The number of possible trees to describe the relationships of a dozen protein sequences is staggeringly large. There is only one "true" tree representing the evolutionary path by which molecular sequences (or even species) evolved.
The number of potential trees is useful in deciding the tree-making algorithms to apply.
Expert Protein Analysis , System (ExPASY) proteomics tools (http://ca.expasy.0rg/tools/#phylo) has, under the heading "Phylogenetic Analysis," a fairly comprehensive collection of phylogenetic analysis programs.
There, nearly 300 phylogenetic analysis programs and servers are listed. Many of those listed programs are available on the Web, including both free and non-free ones. The software programs are conveniently categorized by methods available, by computer systems on which they work, and the particular types of data analysed.
4. Tree evaluation :
After a phylogenetic tree is built, it is necessary to evaluate it for robustness. The most common method for doing this is bootstrap analysis, which essentially involves resampling the database and then analysing the resampled data. Those robust results obtained from initial phylogenetic analysis will tolerate variations introduced by the resampling process, whereas nonrobust results will be altered and yield different trees when small changes in data are made through resampling.
5. Tree visualization :
After robust trees are created, the final step is to best visualize trees and produce publication-quality printouts of the results.
The following experiment will be carried out using ClustalX for multiple sequence alignment followed by phylogenetic analysis. The ClustalX program is by far the most commonly used program for making multiple sequence alignments, it was first described by Paula Hogeweg in the early 80's and was later developed by Desliggins.
ClustalX is a fully automatic program for global multiple alignment of DNA and protein sequences which works on the hypothesis that sequences in an alignment will repeat their evolutionary history. The alignment is progressive and considers sequence redundancy. Trees can also be calculated from multiple alignments. The program has some adjustable parameters with reasonable defaults. The program
follows the following steps :
- Performs pairwise alignment of all the sequences.
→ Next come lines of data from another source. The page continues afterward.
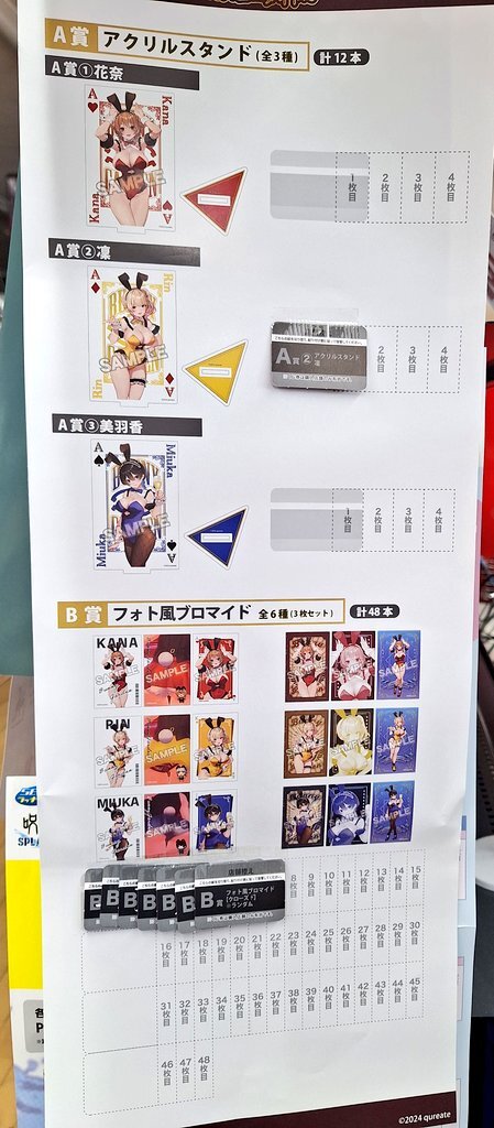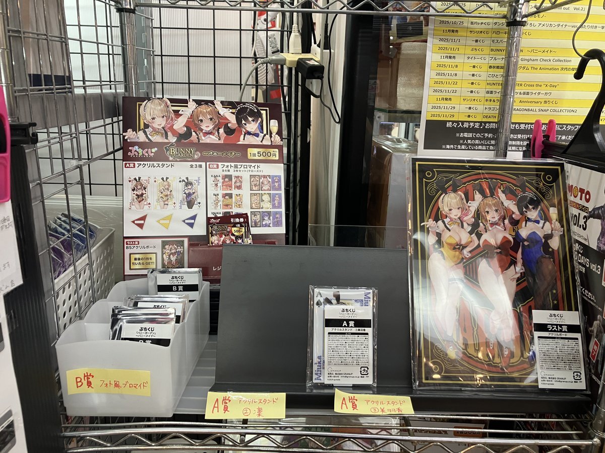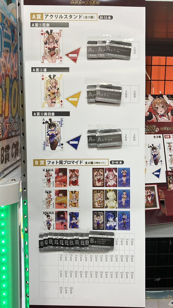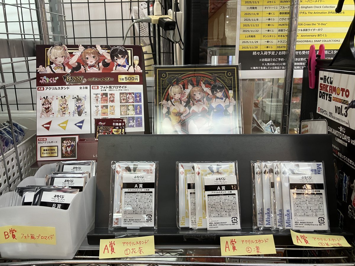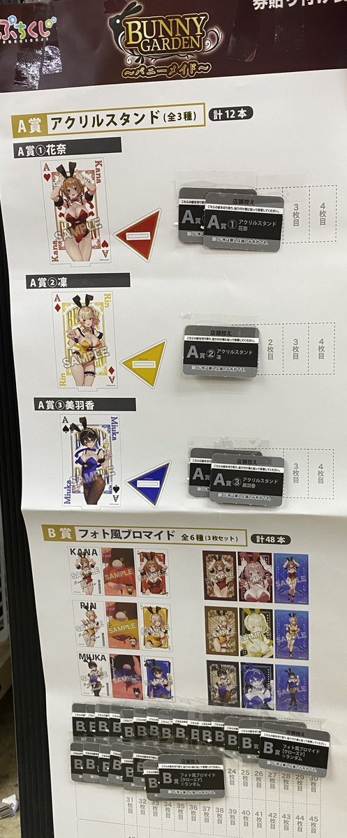 【 #ぷちくじ 消化情報】 #バニーガーデン #bunnyGarden バニーメイド 1回税込500円 残り30口 A賞 ①花奈 3点 ②凛 2点 ③美羽香 4点 残っております‼️ チャレンジお待ちしております💪✨ #ブックタウン犬山五郎丸店 pic.x.com/YWmeZjLB9M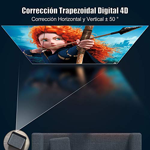 - ?【Ajuste Digital Avanzada de 4-Puntos y Función Zoom Digital】Corrección trapezoidal de las cuatro esquinas de alta sensibilidad (vertical y horizontal ±50°) La actualización del 2020 garantiza una imagen clara en cualquier ángulo y le brinda una gama completa de alta definición. Puede disfrutar de una película en pantalla gigante de 50'' hasta 300'' con una distancia de proyección de 1,5 a 7m. Además, la opción Zoom Digital le permite reducir el tamaño de la imagen del 100% al 50%.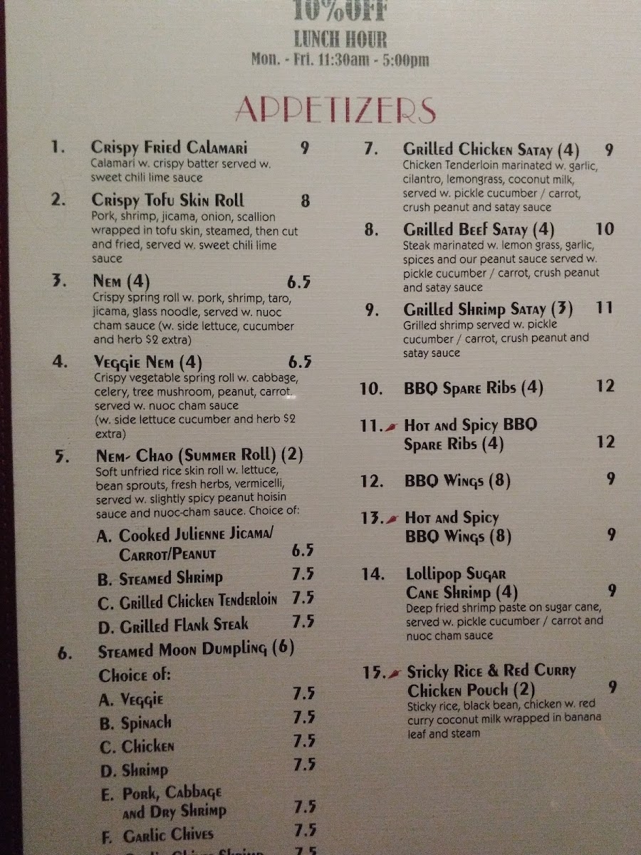 Vietnaam specializes in a variety of meals that cater to every palate. With a menu highlighting savory poultry dishes like the Red Curry Chicken—slices of tender white meat chicken simmered in a fragrant red curry and coconut milk sauce—or the aromatic Ginger Duck, featuring succulent duck sautéed with shiitake mushrooms and fresh vegetables, each bite is an explosion of flavor. Seafood lovers will be enchanted by the Vietnamese Seafood Bouillabaisse, a rich and spicy broth brimming with crab claw, mussels, and shrimp that offers a taste of the sea like no other.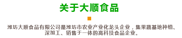 濰坊大順食品有限公司創(chuàng)建于2006年10月,位于中國出口蔬菜基地安丘市。地理位置優(yōu)越,距離青島港100公里,是濰坊市農(nóng)業(yè)產(chǎn)業(yè)化龍頭企業(yè),2022年被授予國家級(jí)高新技術(shù)企業(yè),2024年被授予省“專精特新中小企業(yè)”。公司通過了歐盟BRC質(zhì)量體系認(rèn)證,ISO9000認(rèn)證,清真HALAL認(rèn)證。公司占地面積26680㎡,員工190人,主要制造、銷售VF果蔬脆片、FD凍干果蔬、香菇素牛肉、黑蒜等產(chǎn)品,年產(chǎn)能6000噸,創(chuàng)匯1000萬美元!

- Uses the alignment score to give a phylogenetic tree using the neighbor-joining method.
- Sequences are aligned using phylogenetic relationship indicated by a tree.
Produces best match for selected sequences and arranges them so that the identities, similarities and differences can be seen simultaneously.
Evolutionary relationships can be studied using cladograms.
In this experiment we will look at the evolutionary relationships of animals as indicated by sequence differences in cytochrome c oxidase subunit I. This is encoded in the mitochondrial genome and has been proposed as a "barcode" for identifying animal species. Two of the sequences downloaded will also be used for pairwise sequence alignment using BLAST. We will use a web browser to find sequences, which we will copy back to our PC and analyze using two widely-used programs that run in Windows: ClustalX to align the sequences and calculate a tree by the Neighbor-Joining method (which is based on a distance matrix), and then TreeView to display and manipulate the tree into a form suitable for publication.